Wednesday, April 18, 2007

Bad Connection

That's what my Dad's cell phone looks like. [Although maybe there is no picture there. Suddenly for my blogs the pictures don't show up.] Anyway, my Dad's cell phone. He never uses it. But we share minutes and he has it if he really needs it. And happens to be carrying it. So it goes. (Not to get all Kurt Vonnegut on you.)

Anyway, a few weeks ago I started noticing on my phone (which I talked about here) that I was getting missed calls from, I think, an 866 number. I didn't think anything about it. No messages were left.

Then one day I happened to be paying attention to my phone when it vibrated and I answered it and it was this 866 number (I think, something like that) and it was someone with a hard-to-understand accent trying to hard sell me a new phone. And a new plan, of course. Not only was the person hard to understand because of an accent but the connection was bad. And, usually, my connection is crystal clear. In any case, I told them I didn't want a new phone or plan.
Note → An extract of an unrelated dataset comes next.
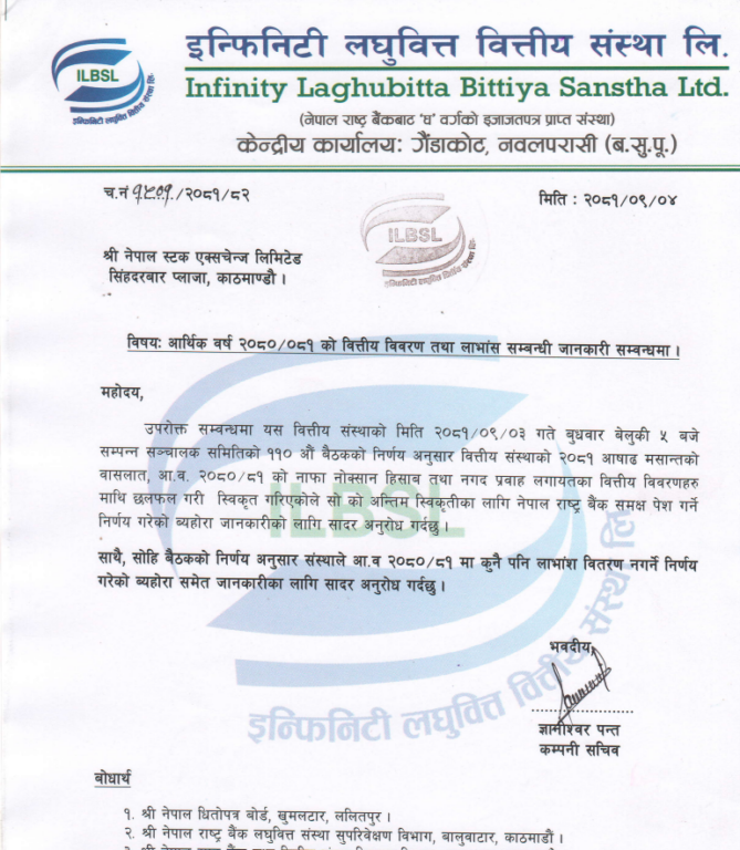 काठमाडौं । इन्फिनिटी लघुवित्त वित्तीय संस्थाले सेयरधनीको हात खाली बनाएको छ । कम्पनीले यो पटक सेयरधनीको हात खाली बनाउने भएको छ । बुधबार बसेको कम्पनी सञ्चालक समितिको बैठकले गत आवको नाफाबाट यो पटक कुनै पनि लाभांश नदिने निर्णय गरेको हो ।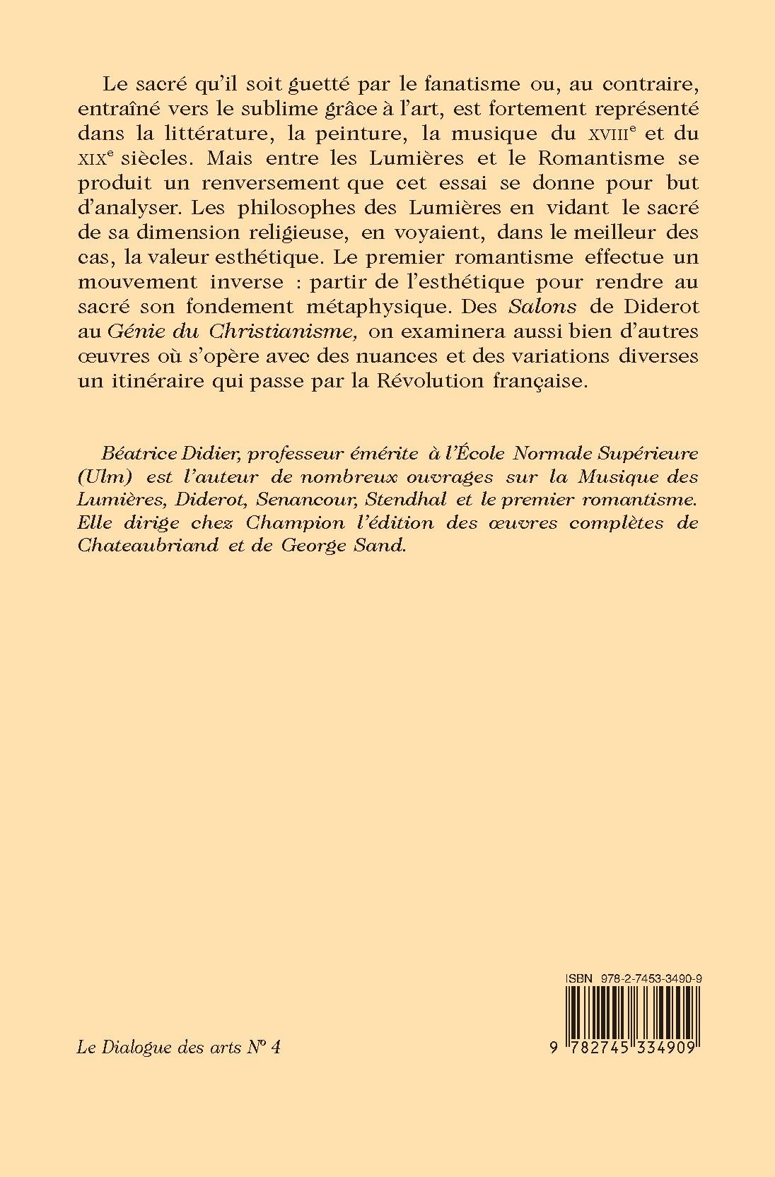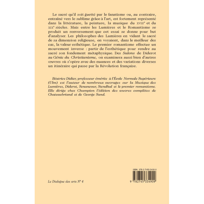 Le sacré qu’il soit guetté par le fanatisme ou, au contraire, entraîné vers le sublime grâce à l’art, est fortement représenté dans la littérature, la peinture, la musique du XVIIIe et du XIXe siècles. Mais entre les Lumières et le Romantisme se produit un renversement que cet essai se donne pour but d’analyser. Les philosophes des Lumières en vidant le sacré de sa dimension religieuse, en voyaient, dans le meilleur des cas, la valeur esthétique. Le premier romantisme effectue un mouvement inverse : partir de l’esthétique pour rendre au sacré son fondement métaphysique. Des Salons de Diderot au Génie du Christianisme, on examinera aussi bien d’autres œuvres où s’opère avec des nuances et des variations diverses un itinéraire qui passe par la Révolution française.

But the calls kept coming. Different accents. Always a scratchy connection even though my other calls remain crystal clear. Finally I got one with a hard-to-understand accent and this real pushy attitude. "The new phone we are GOING to give you has a NEW plan." Still a poor connection exacerbating the accent.

"I haven't agreed to a new phone or plan. I'm happy with my phone except for you people calling on it and bugging me about a new phone or plan."

"We can put that in our records," she said. I think anyway.

"Yes, please do."

Isn't it funny that these are the only calls that sound like they are coming from Mars via India? And they are from my cell phone company trying to sell me something.